Work to be completed:
Setting pictures aside, output exactly the lines from the start of the records to the line with "Mia vergnügt sich", that line included.

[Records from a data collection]
====================

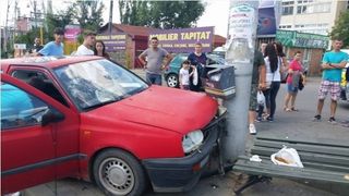 Sapte persoane care se aflau intr-o statie de autobuz de langa un centru comercial din Iasi au fost lovite, dupa ce o soferita incepatoare a pierdut controlul volanului si a intrat in viteza cu masina pe trotuar, izbind un stalp si doua banci din statia de autobuz. ##VIDEO11048##
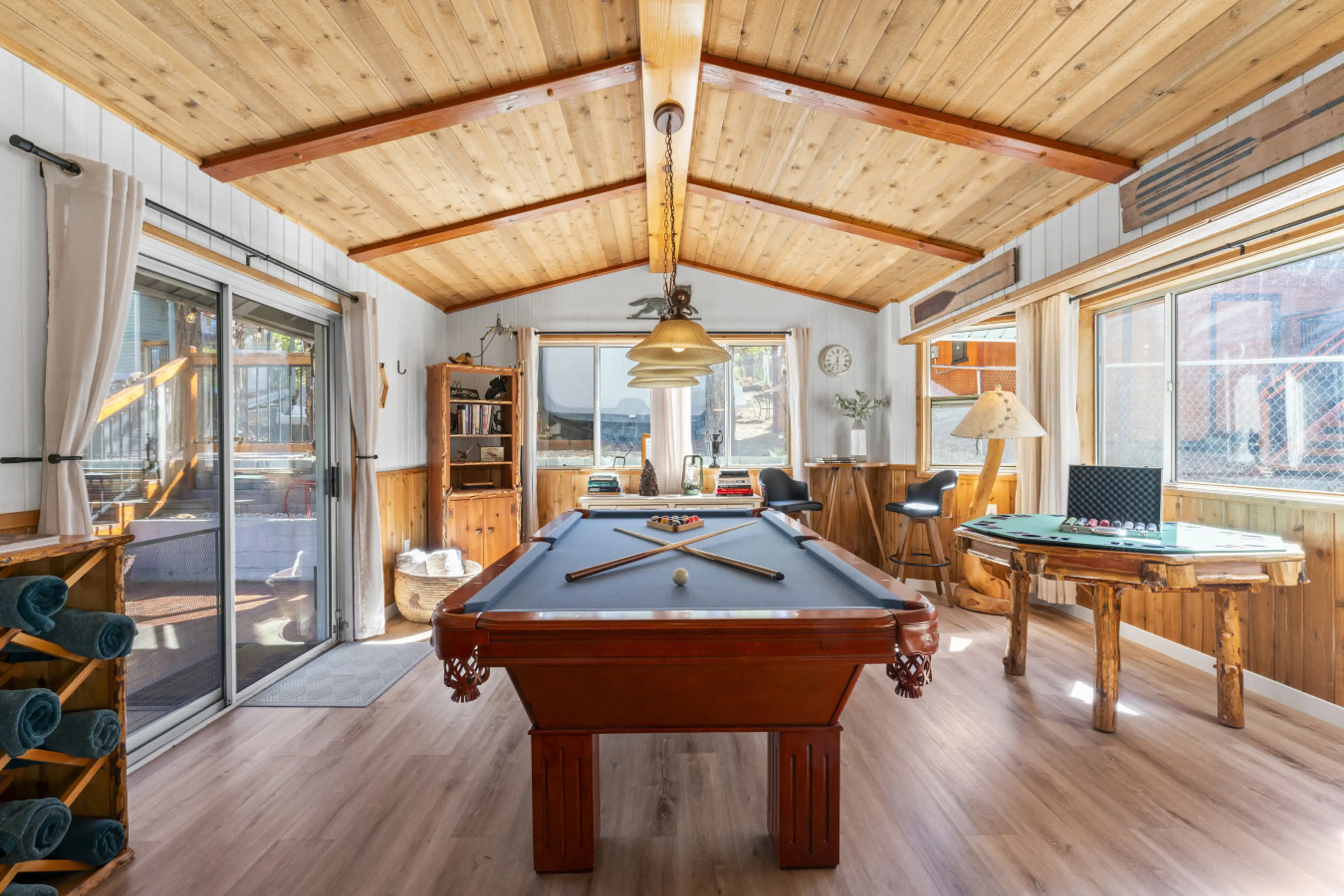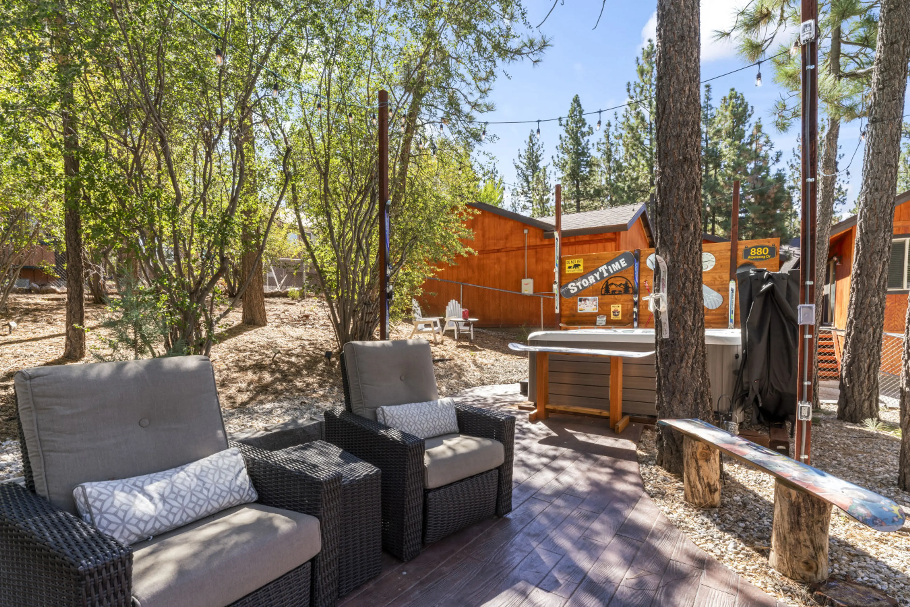 Escape to StoryTime—your ALL SEASONS hideaway in the coveted neighborhood of Fox Farm. Our 4-bed, 2-bath cabin is built for Big Bear bliss: A game room with foosball, ping-pong, air hockey, and board games; a separate pool table and poker room. This is one of Big Bears elite entertainer’s backyard...
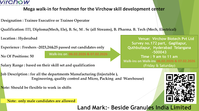 If you are a fresher looking to enter the pharmaceutical industry, the Virchow Group Walk-In Interview 2026 offers a strong starting point with hands-on training, GMP exposure, and long-term growth potential in Hyderabad.
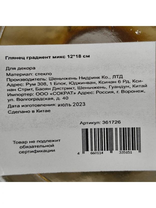 Ваза стекло, настольная, 18х12 см, Глянец, Y4-3839, в ассортименте
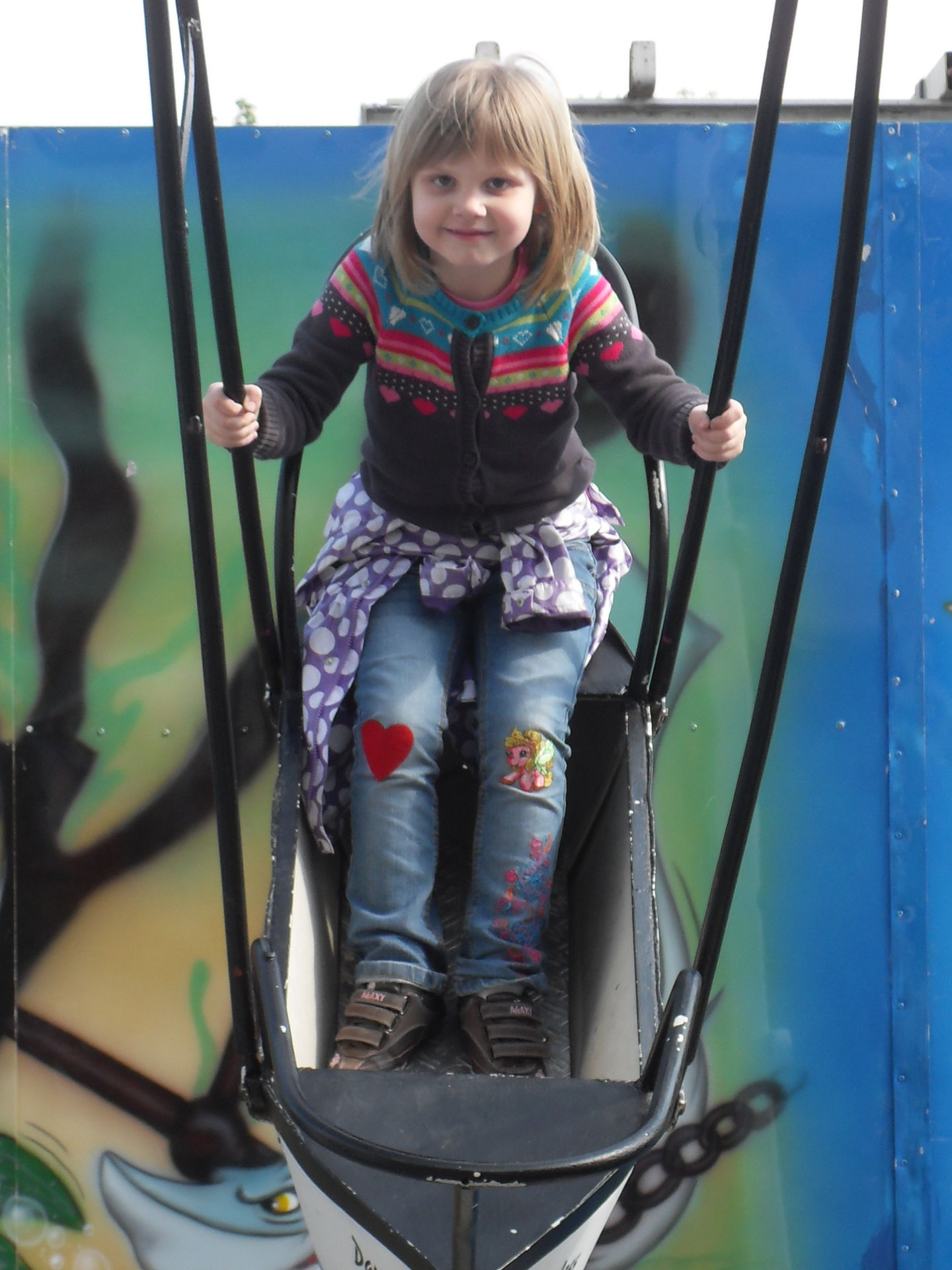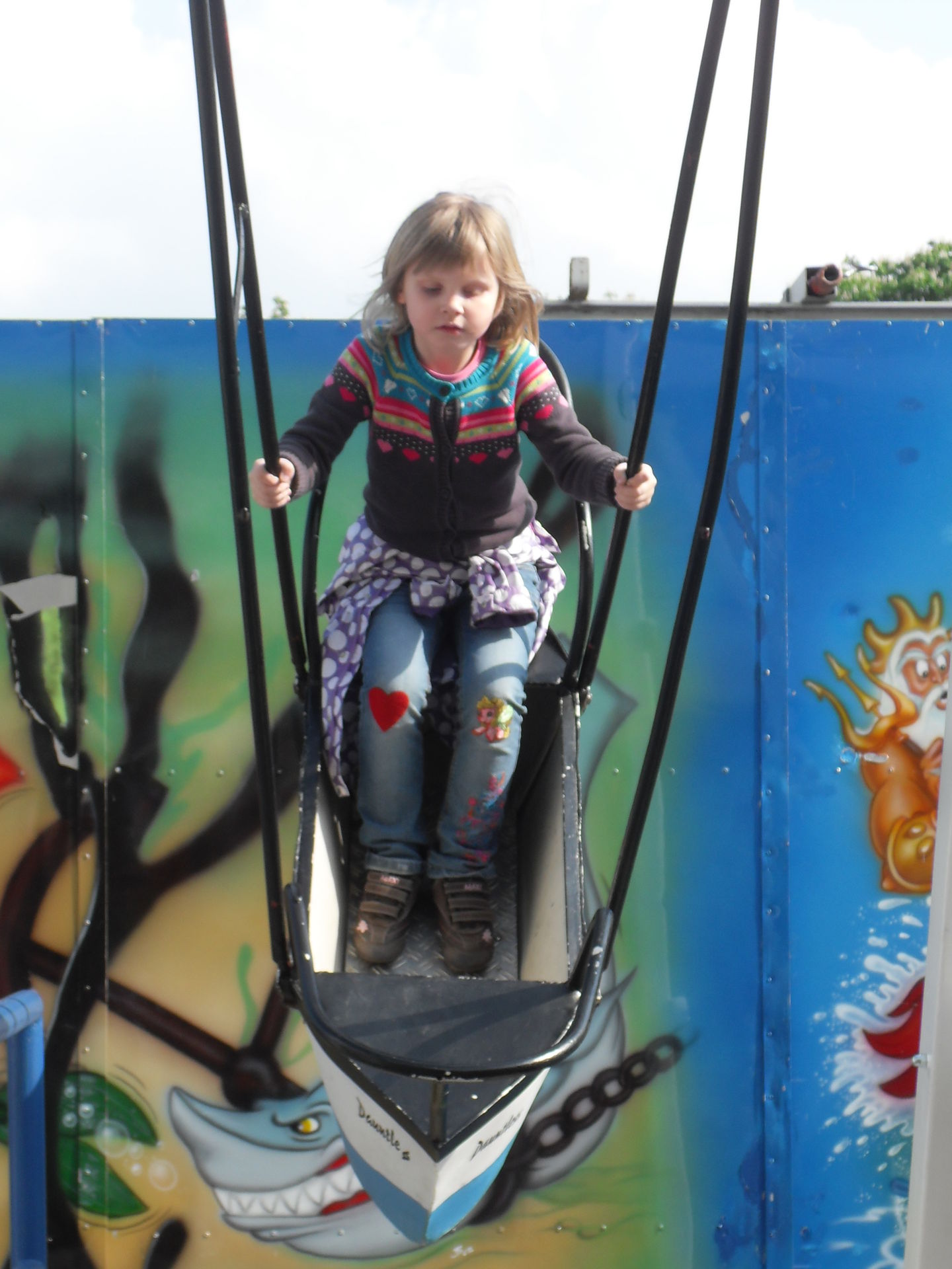 Mia vergnügt sich in den Kinderschiffschaukeln
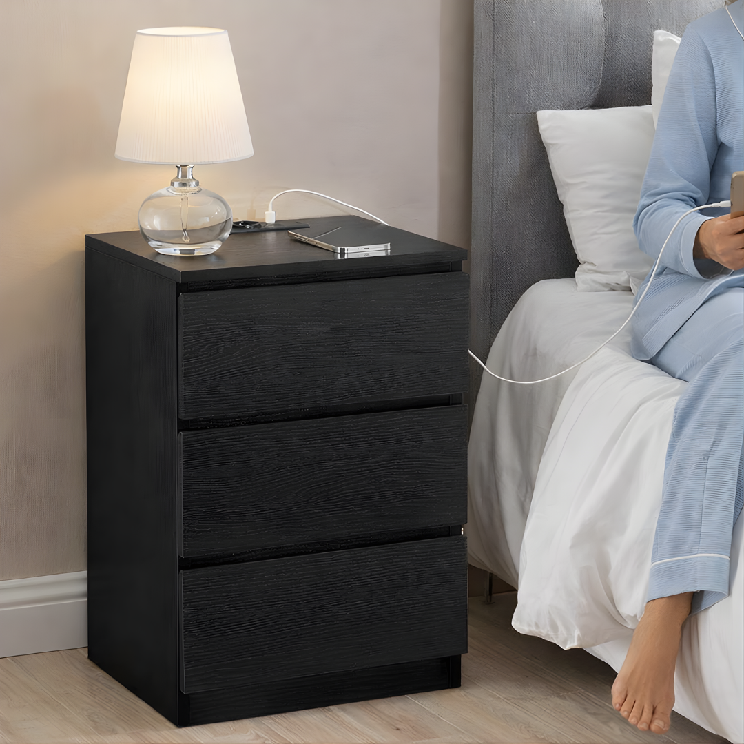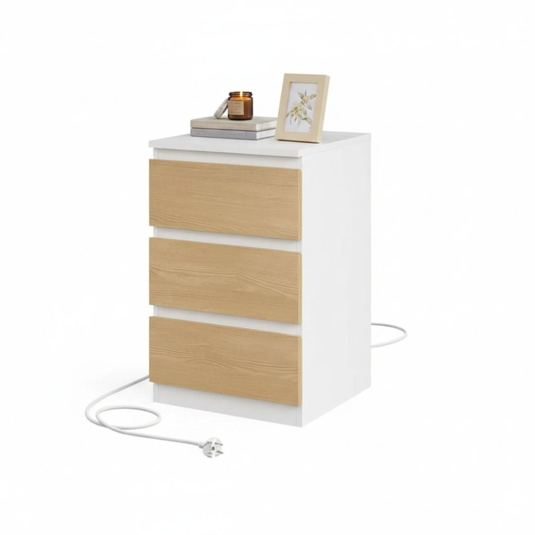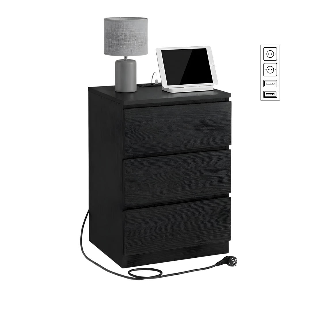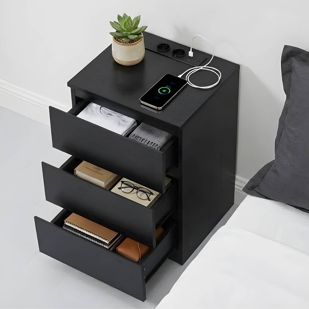 Deze bijzettafel heeft een eenvoudig rechthoekig ontwerp. Hij is voorzien van drie uittrekbare lades. Op het tafelblad kunt u spullen zoals een telefoon of klok plaatsen. De tafel heeft ingebouwde oplaadpunten.
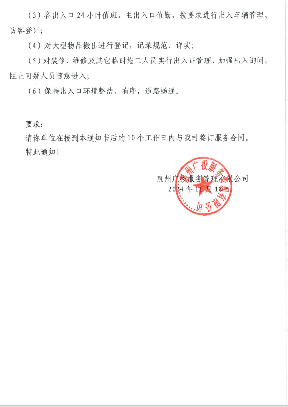 【中标通知】中交香颂花园秩序服务项目
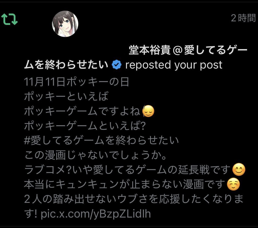 ポッキーの日にこの話見れて最高です🥹 初めてこのお話みたときひとりでにやにやしてました😇 アニメでこのお話みれるかなぁー🫶🏻🫶🏻 #ポッキーの日 #愛してるゲームを終わらせたい x.com/domoto64/statu…
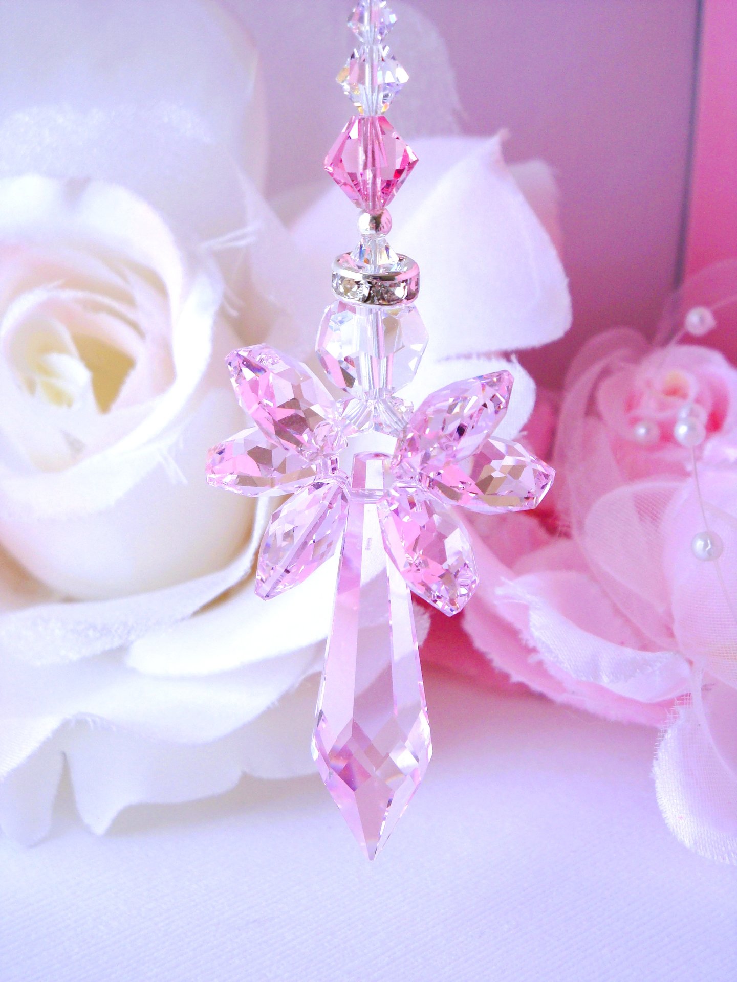 Swarovski is no longer making their Pink Rosalin crystal pendants....I created this beautiful angel using the very last of my supply of the pink pendants.💖
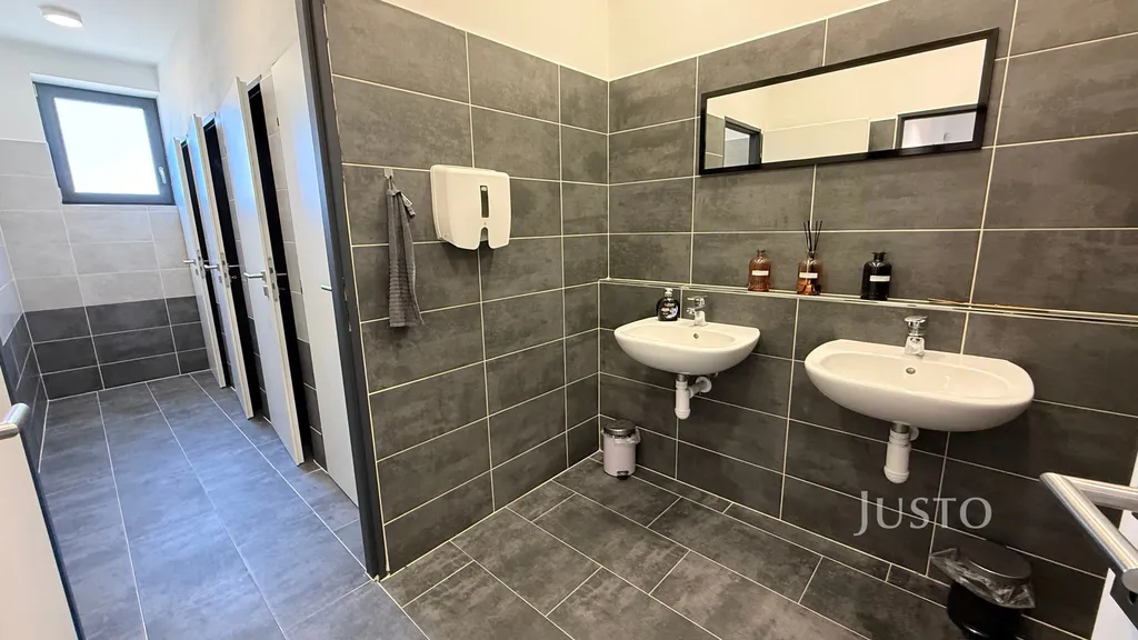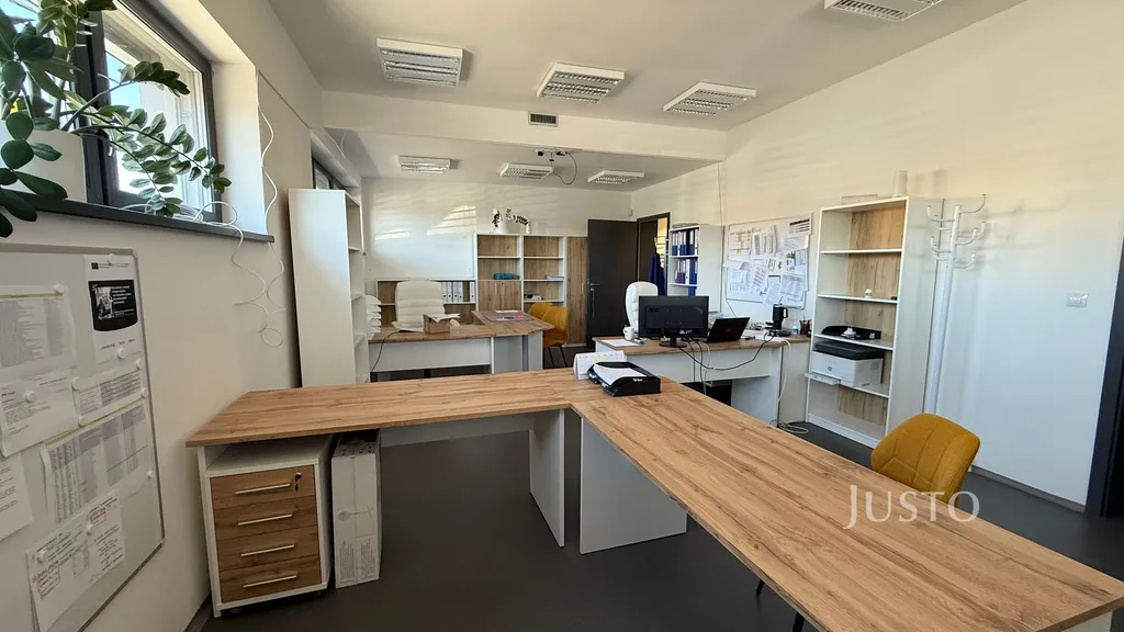 Kanceláře jsou umístěny v 1. nadzemním podlaží a nabízejí flexibilní uspořádání pro zázemí menší i středně velké firmy. Prostory jsou velmi dobře dispozičně řešeny, s dostatkem denního světla a nadstandardními plastohliníkovými okny. Moderní recepce a jednací místnost s designovým nábytkem podtrhují reprezentativní charakter celého objektu. Podlahy i stěny jsou z kvalitních materiálů, které vytvářejí příjemné a profesionální pracovní prostředí. Objekt je bezbariérový, což zajišťuje pohodlný přístup pro všechny zaměstnance i návštěvy.
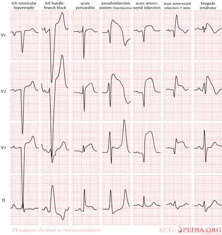 - Acute pericarditis[6][7] ST elevation in all leads (diffuse ST elevation) is more common with acute pericarditis.
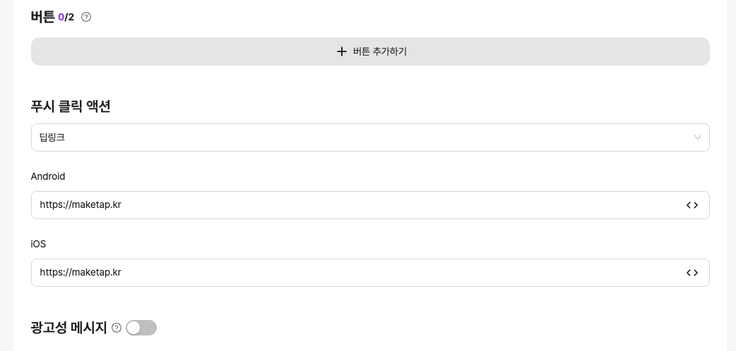 이 시나리오에서는 제목과 본문, 이미지를 입력하고 푸시 클릭 액션을 딥링크로 설정해 플랫폼별 링크를 입력했습니다.
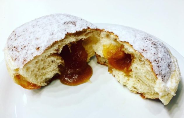 Zsírban sütött, baracklekvárral töltött, porcukorral megszórt, módos kelt fánk
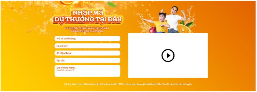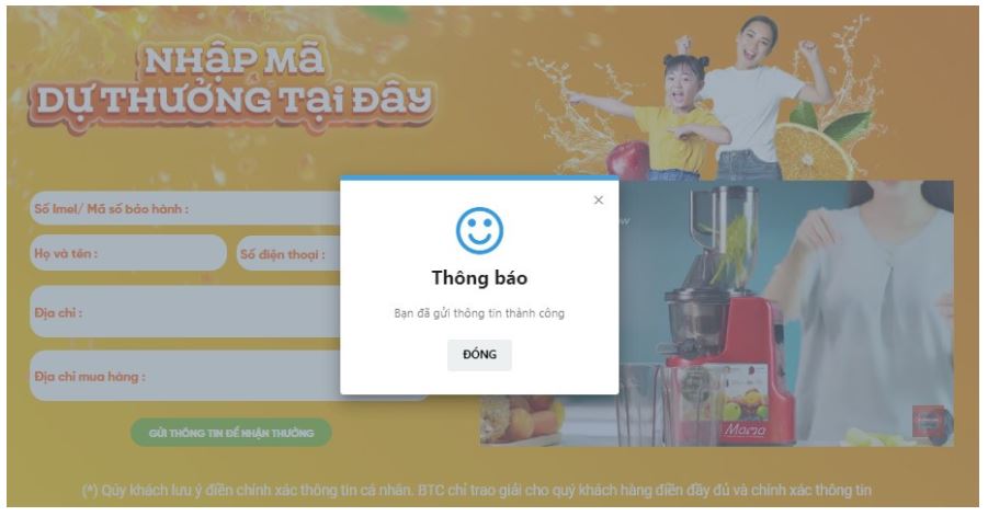 • Trường hợp 1: Khách hàng cung cấp “mã số dự thưởng” và thông tin hợp lệ, ngay lập tức màn hìnhsẽ hiện thông báo “Bạn đã gửi thông tin thành công”

====================

Expected output:
 Sapte persoane care se aflau intr-o statie de autobuz de langa un centru comercial din Iasi au fost lovite, dupa ce o soferita incepatoare a pierdut controlul volanului si a intrat in viteza cu masina pe trotuar, izbind un stalp si doua banci din statia de autobuz. ##VIDEO11048##
 Escape to StoryTime—your ALL SEASONS hideaway in the coveted neighborhood of Fox Farm. Our 4-bed, 2-bath cabin is built for Big Bear bliss: A game room with foosball, ping-pong, air hockey, and board games; a separate pool table and poker room. This is one of Big Bears elite entertainer’s backyard...
 If you are a fresher looking to enter the pharmaceutical industry, the Virchow Group Walk-In Interview 2026 offers a strong starting point with hands-on training, GMP exposure, and long-term growth potential in Hyderabad.
 Ваза стекло, настольная, 18х12 см, Глянец, Y4-3839, в ассортименте
 Mia vergnügt sich in den Kinderschiffschaukeln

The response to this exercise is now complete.